If the deal closes on time and on terms, shareholders will receive an annualized net return of about 30% during the course of September. The key to claiming a materially adverse effect under the material adverse change (NYSE:MAC) clause is that the MAC violation needs to be durationally significant. It is possible that RUE had as weak a quarter as AEO, ARO, and ANF, but it is hard to argue that a single quarter's earnings represent a long enough duration to trigger a MAC.
What do we own if the deal fails?
Over the last 5 years, Rue21 has successfully driven strong revenue growth while maintaining consistent excellent earnings and cash flow. Averaging a greater than 25% revenue growth over the last 4 years, they have consistently maintained an operating margin of 7 - 8%. Their return on assets has been over 10% during this period.

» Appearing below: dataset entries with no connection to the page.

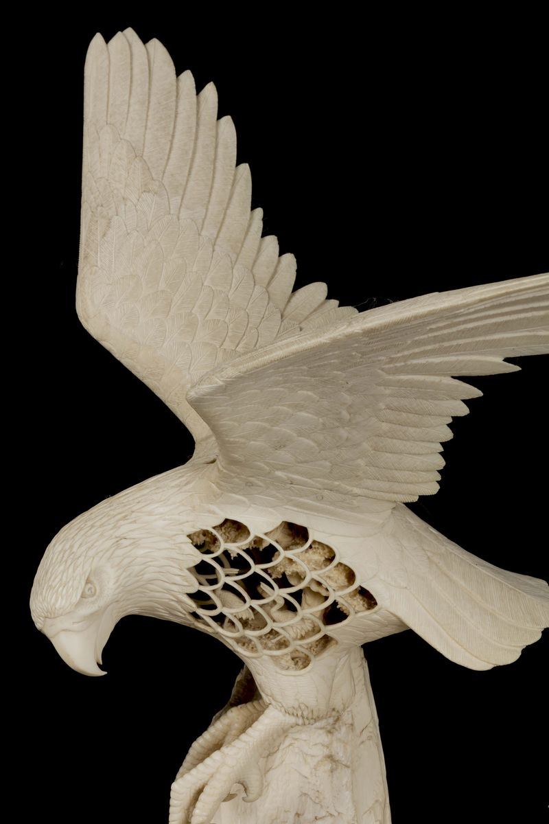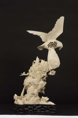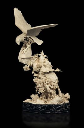 Grande gruppo in avorio finemente scolpito raffigurante aquila e paesaggio roccioso, Cina, inizi XX secolo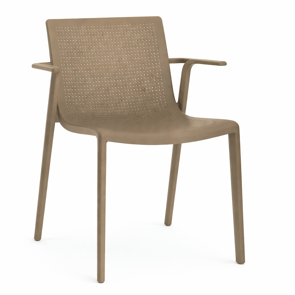 Silla con brazos Beekat de Resol, fabricada con estructura inyectada en fibra de vidrio.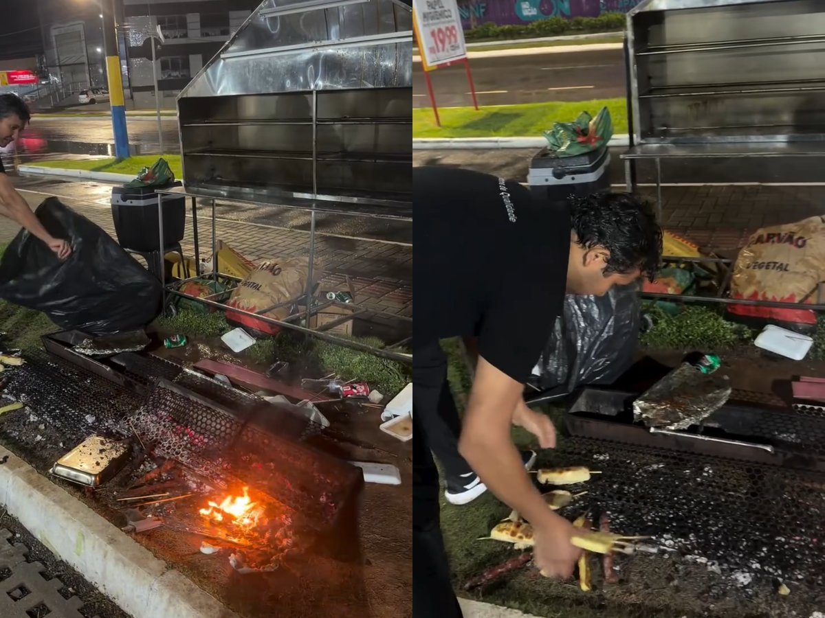 Douglas, dono do perfil O Santo Churrasquinho, publicou um vídeo nas redes sociais logo após a tempestade. Nas imagens, a churrasqueira aparece tombada no chão, espetinhos espalhados pela calçada e embalagens molhadas pela chuva. Segundo o empreendedor, produtos como picanha, linguiça, pão de alho e queijo foram perdidos. Parte da mercadoria do dia ficou inutilizada.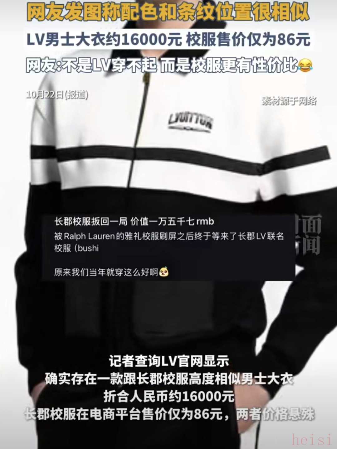 事件起源于10月23日,有網(wǎng)友在微博、抖音等社交平臺發(fā)帖,貼出對比圖顯示,LV的這款秋冬男士大衣與長沙某中學(xué)的校服在黑白配色比例和束袖口設(shè)計上驚人相似。從圖片可見,兩者均以黑白為主色調(diào),袖口采用束緊風(fēng)格,整體輪廓相近。然而,價格懸殊極大——LV大衣官方售價16000元,而中學(xué)校服僅需86元,差價近200倍。這一發(fā)現(xiàn)迅速引發(fā)熱議,不少網(wǎng)友幽默評論“原來時尚盡頭是校服”,也有人感嘆“校服性價比碾壓奢侈品”,話題在短時間內(nèi)登上熱搜榜,折射出公眾對奢侈品牌與日常用品對比的濃厚興趣。

They currently have no debt and anticipate that current cash from operations coupled with their revolving credit facility will provide adequate liquidity for at least the next 12 months.
Our fundamental valuation model values the Rue21 standalone business based on their actual trailing 12 month results at more than $40 per share based on cash flow and more than $50 per share based on earnings. Figure 1 shows how their standalone value has progressed over the last 8 quarters. This level of financial performance indicates that the downside to the shareholder if this transaction does not close is small.
Unlike most fashion retailers, RUE's management team shows a very strong focus on operating margin, working hard to balance profitability with revenue growth. Their financial results demonstrate that they are not interested in "buying" market share at the expense of maintaining good financial returns to the shareholders. They have proven themselves successful in selecting products to sell that command a good price in the market.
Given the proven skill of the Rue21 management team and their successful business model, APEX partners will have made a very good purchase when they complete this transaction.
Disclosure: I am long RUE.
Additional disclosure: Chris DeMuth Jr is a portfolio manager at Rangeley Capital, a partnership that invests with a margin of safety by buying securities at deep discounts to their intrinsic value and unlocking that value through corporate events. In order to maximize total returns for our partners, we reserve the right to make investment decisions regarding any security without further notification except where such notification is required by law. We purchased RUE when it briefly dipped beneath $40.50.